Finding (and Deleting) Duplicate Files

by Jan 11, 2009

There are numerous ways of finding duplicate files. One approach uses Group-Object and groups your files by LastWriteTime and Length, assuming files with the same LastWriteTime and Length are indeed equal.

This line searches for duplicate PowerShell scripts in your user profile:

dir $home*.* -include '*.ps1' | Group-Object Length, LastWriteTime 

You can then filter out all groups with only one file in them so only the duplicate files are left.

dir $home*.* -include '*.ps1' | Group-Object Length, LastWriteTime | 
Where-Object {$_.Count -gt 1} | ForEach-Object { $_.Group }

To search for duplicate files recursively, add the -recurse parameter to Dir:

dir $home*.* -include '*.ps1'  -recurse | Group-Object Length, LastWriteTime | 
Where-Object {$_.Count -gt 1} | ForEach-Object { $_.Group }

Important: You get to see only files that have the same size and write time. They still could be different (which is very unlikely though). To make sure, you could hash the duplicate files based on their content.

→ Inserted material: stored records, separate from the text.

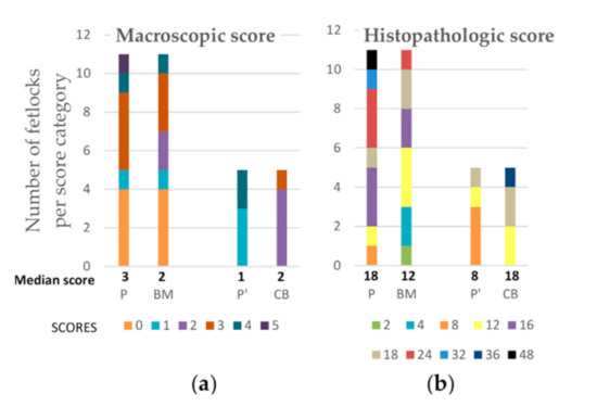 Median post-mortem scores and number of fetlocks per macroscopic (a) and histopathological (b) scores obtained on week 12 and displayed per treatment group. P—Fetlocks injected with placebo, contralateral of the fetlocks injected with bone-marrow derived mesenchymal stem cells (BM-MSCs); BM—Fetlocks injected with BM-MSCs; P’—Fetlocks injected with placebo, contralateral of the fetlocks injected with umbilical cord blood derived mesenchymal stem cells (UCB-MSCs); CB—Fetlocks injected with UCB-MSCs.
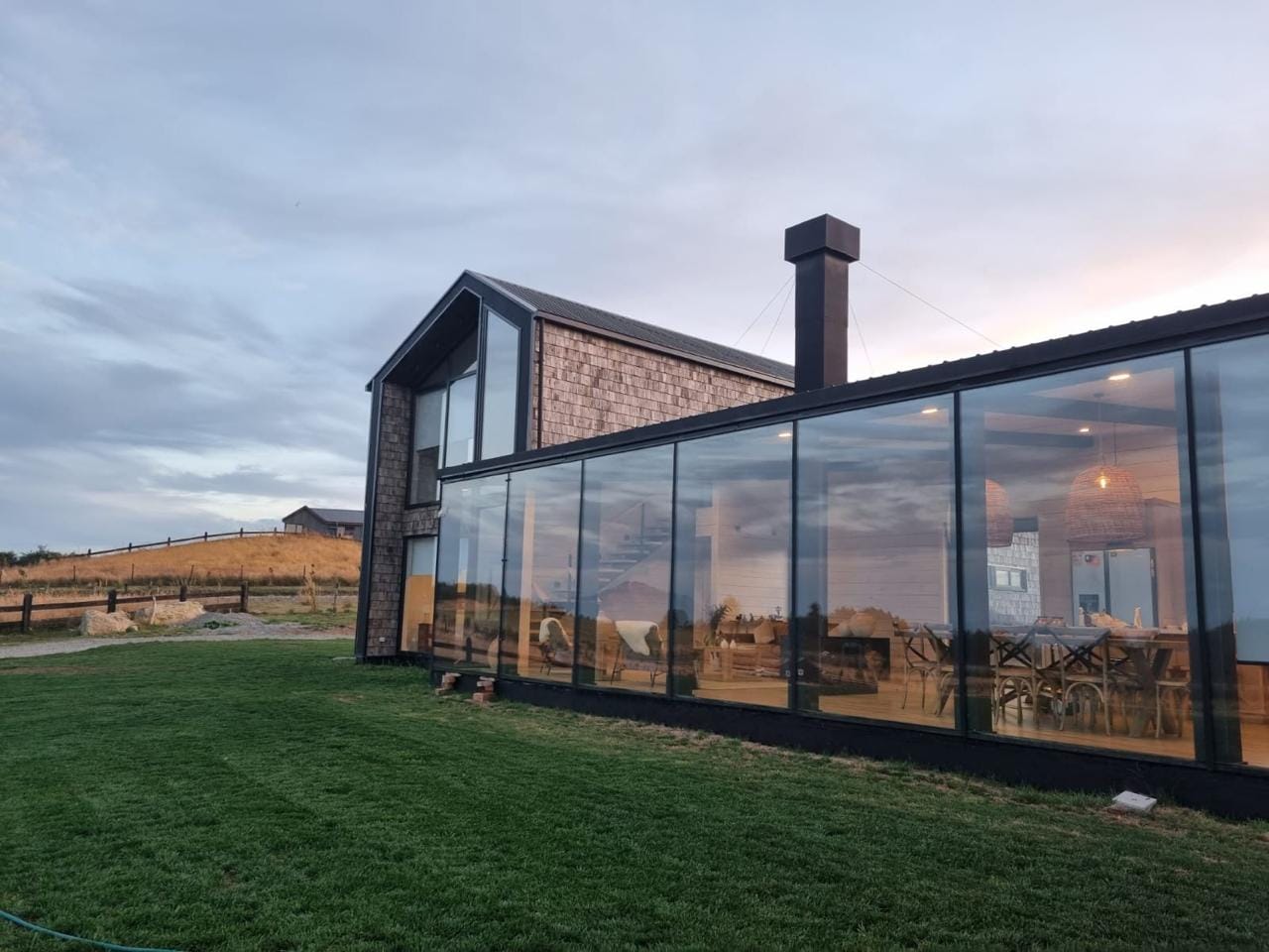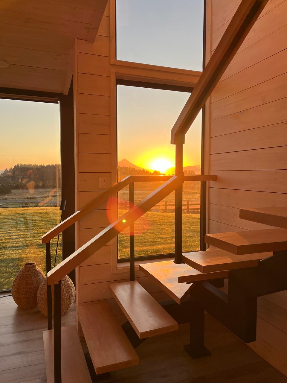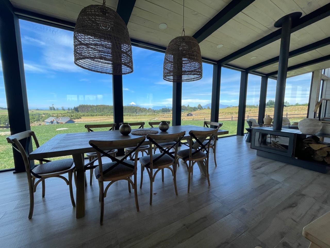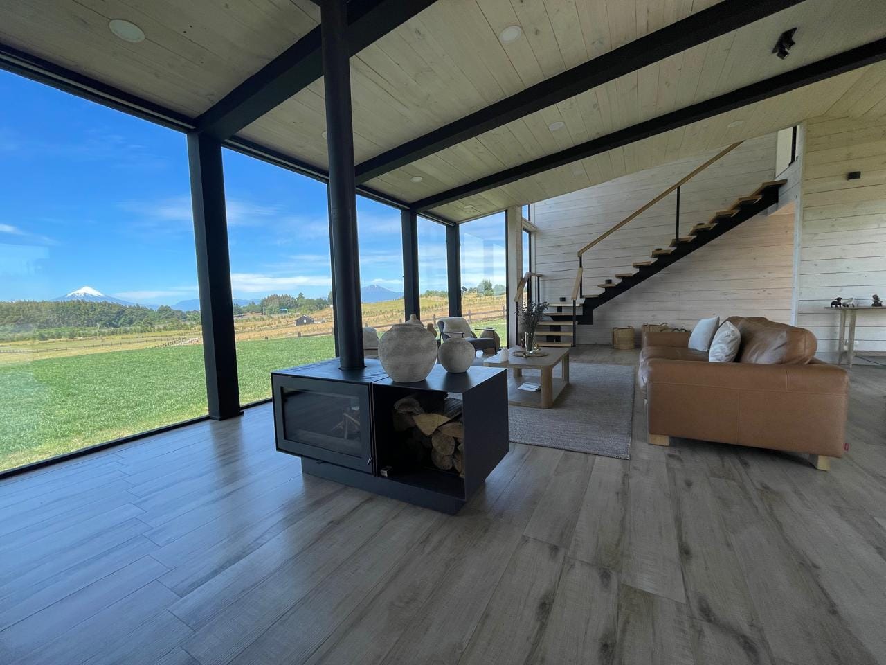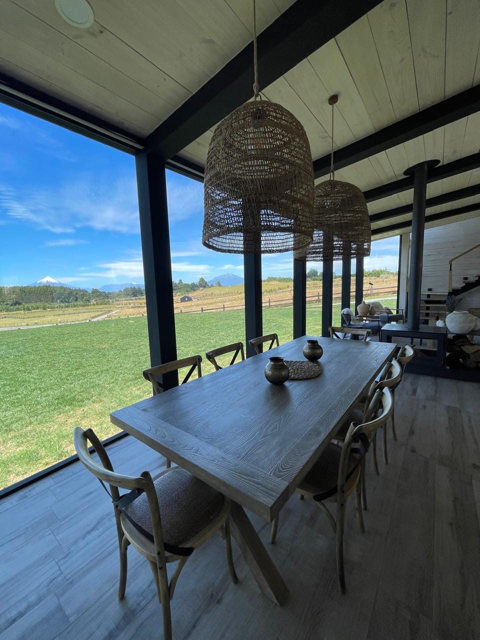 Esta propiedad, inspirada en los antiguos galpones del sur, combina amplitud y diseño contemporáneo bajo una arquitectura elegante y sencilla a la vez. Sus líneas limpias, techos altos y grandes ventanales enmarcan la vista abierta a los volcanes, dejando que la luz natural sea protagonista durante todo el día.
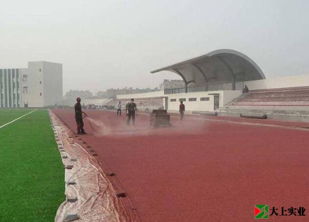 塑膠跑道施工之前必須先做好排水措施,并提前查看天氣預報,準備好防雨篷布,施工過程中突遇下雨時及時將其覆蓋。已經被雨水淋濕導致不能固化的區(qū)域必須鏟除掉,并將鏟除的區(qū)域重新打磨并清理干凈,然后按塑膠跑道施工的工藝流程重頭再來。雖然這樣會造成一定的材料和人工損失,但這是唯一的解決方法,切忌不可將就保留,留下的詬病會使后期損失更嚴重。
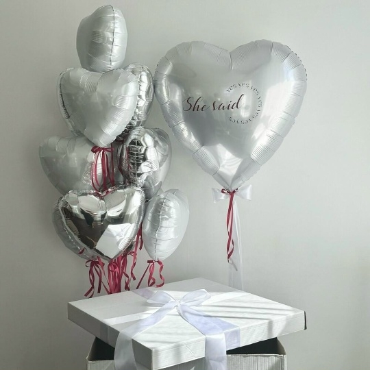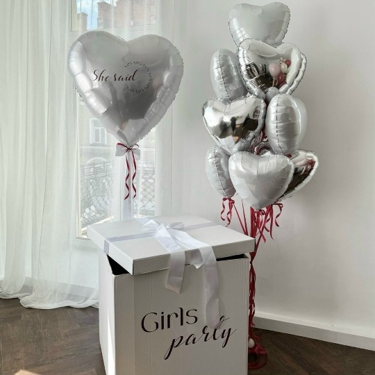 В набор входит Коробка сюрприз 60/60 см Надпись на коробку (ваш текст) Сердце 76 см белый блеск Надпись на шар (ваш текст) Шар сердце 45 см белое 5 шт Серебро 5 шт Декор красные ленты Груз 2 шт ✨ Волшебный Белый ✨ | Шары на День Рождения | Девичник | Сюрприз 💖 Создайте атмосферу чистоты, нежности и волшебства с набором шаров Волшебный Белый! 🤍 Огромное сердце с персонализированной надписью, каскад из мерцающих сердец и загадочная коробка-сюрприз превратят любой праздник в сказку! ✨ Идеально для дня рождения, девичника, свадьбы или романтического сюрприза. Описание: Хотите, чтобы ваш праздник запомнился надолго? ✨ Набор Волшебный Белый - это воплощение элегантности и волшебства! 🤍 Он идеально подойдет для создания нежной и романтической атмосферы на любом торжестве. Что входит в набор Волшебный Белый? * Гигантское белое сердце: 💖 Сделайте праздник по-настоящему уникальным! На шаре можно разместить любую надпись: имя, дату, пожелание или признание в любви. 💕 * Каскад из 10 белых и серебряных сердец: ✨ Мерцающие шарики, словно падающие снежинки, создадут сказочную атмосферу и станут прекрасным фоном для фото. 📸 * Коробка-сюрприз 60х60 см: 🎁 Что внутри? Пусть это останется секретом! Спрятайте в коробку подарок, конфетти или другой сюрприз, который вызовет восторг и запомнится надолго! 🎉 💖✨🤍💍🥂🎁🎈 Закажите набор Волшебный Белый и подарите незабываемые эмоции! 💖 Коробка с шарами, шары в коробке, коробка сюрприз, шары на девичник,
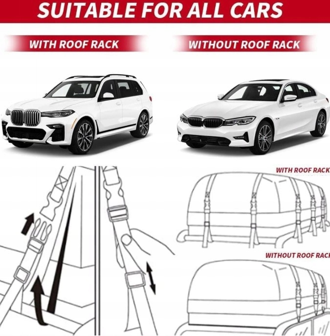 - Легко встановлюється та відкривається з обох боків. Сумка для багажника на даху постачається з 8 смужками, які можна легко прикріпити до будь-якого автомобіля за лічені хвилини. Відкритий дизайн з обох сторін дозволяє легко розмістити сумку на даху в автомобілі.
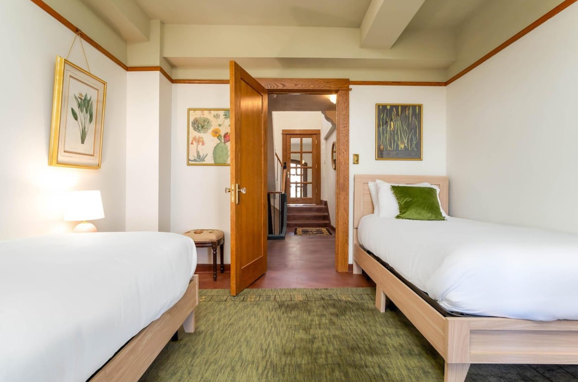 Upstairs, the Miner’s Wing offers peaceful bedrooms, private lounges, a co-working area, and even a vintage record-player nook. The Art Studio invites creativity with natural light, paints, and inspiring décor.
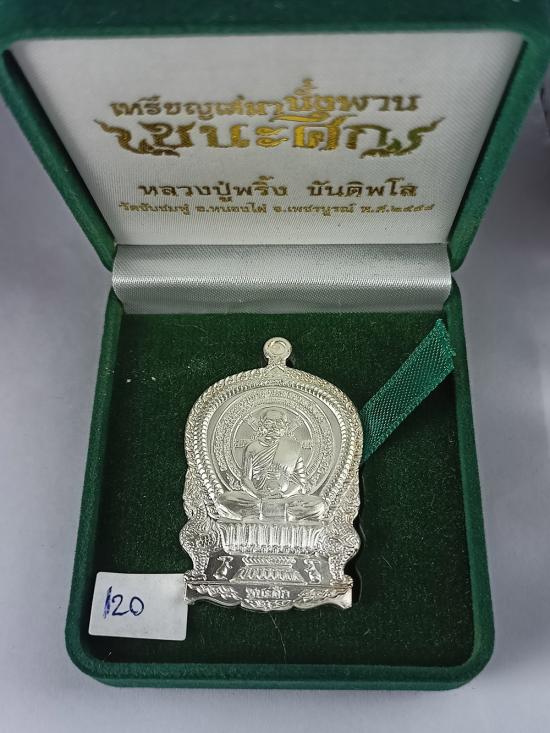 เหรียญนั่งพาน ชนะศึก หลวงปู่พริ้ง วัดซับชมพู่ ปี58 เนื้อเงิน เบอร์ 120 พร้อมกล่องเดิมครับ (เหรียญหนัก19.48กรัม) |
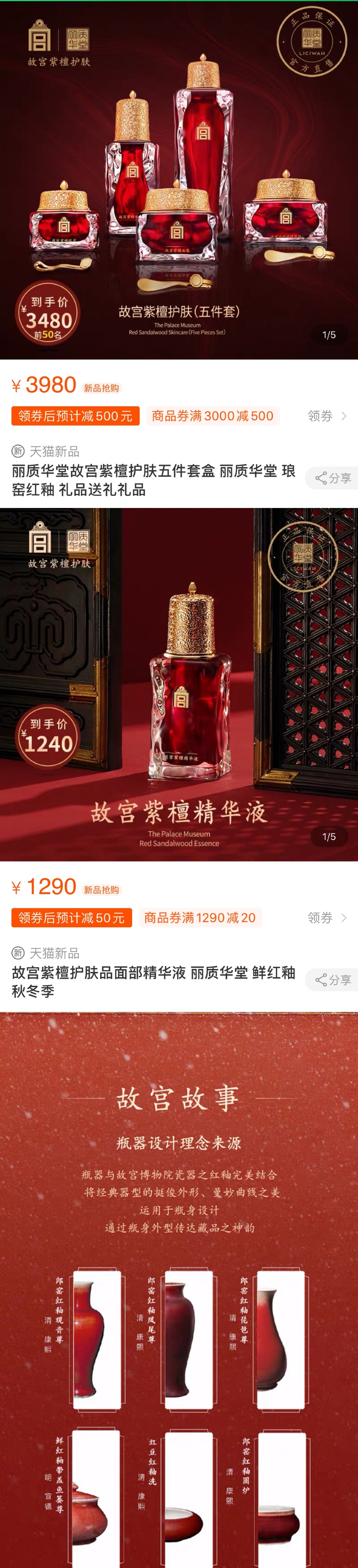记者昨天在一家名为“丽质华堂”的护肤品天猫旗舰店上看到,这套名为“丽质华堂故宫紫檀护肤”的五件套套盒标价3980元,其中包括柔肤水、精华液、眼霜、面霜、睡眠面膜。商品介绍中说,这套护肤品的瓶器设计理念来源于“故宫博物院瓷器之红釉”,各种细节设计来源于传统梅瓶瓶盖、海水江崖纹种的祥云、如意等,更是将“紫檀精华”融入护肤品中。除了套装,各种单品也价格不菲,比如面部精华液1290元,面霜990元,睡眠面膜890元。与之前的故宫彩妆一经推出就遭遇“疯抢”相比,这套护肤品的销售比较“冷清”,购买者数量目前只有个位数。
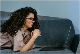 Woman with glasses lying on a sofa working remotel

To archive duplicate files, you would pick all files in group except for the first one (which you want to keep) and then move the files to some backup folder:

dir $home*.* -include '*.ps1' | Group-Object Length, LastWriteTime | 
Where-Object {$_.Count -gt 1} | ForEach-Object { $_.Group[1..1000] }

[1..1000] selects the second element upwards in the resulting array since array elements always start with an index number of 0. Simply append the move or delete cmdlet to complete your operation:

dir $home*.* -include '*.ps1' | Group-Object Length, LastWriteTime | 
Where-Object {$_.Count -gt 1} | ForEach-Object { $_.Group[1..1000] } |
Move-Item -destination c:backup -whatIf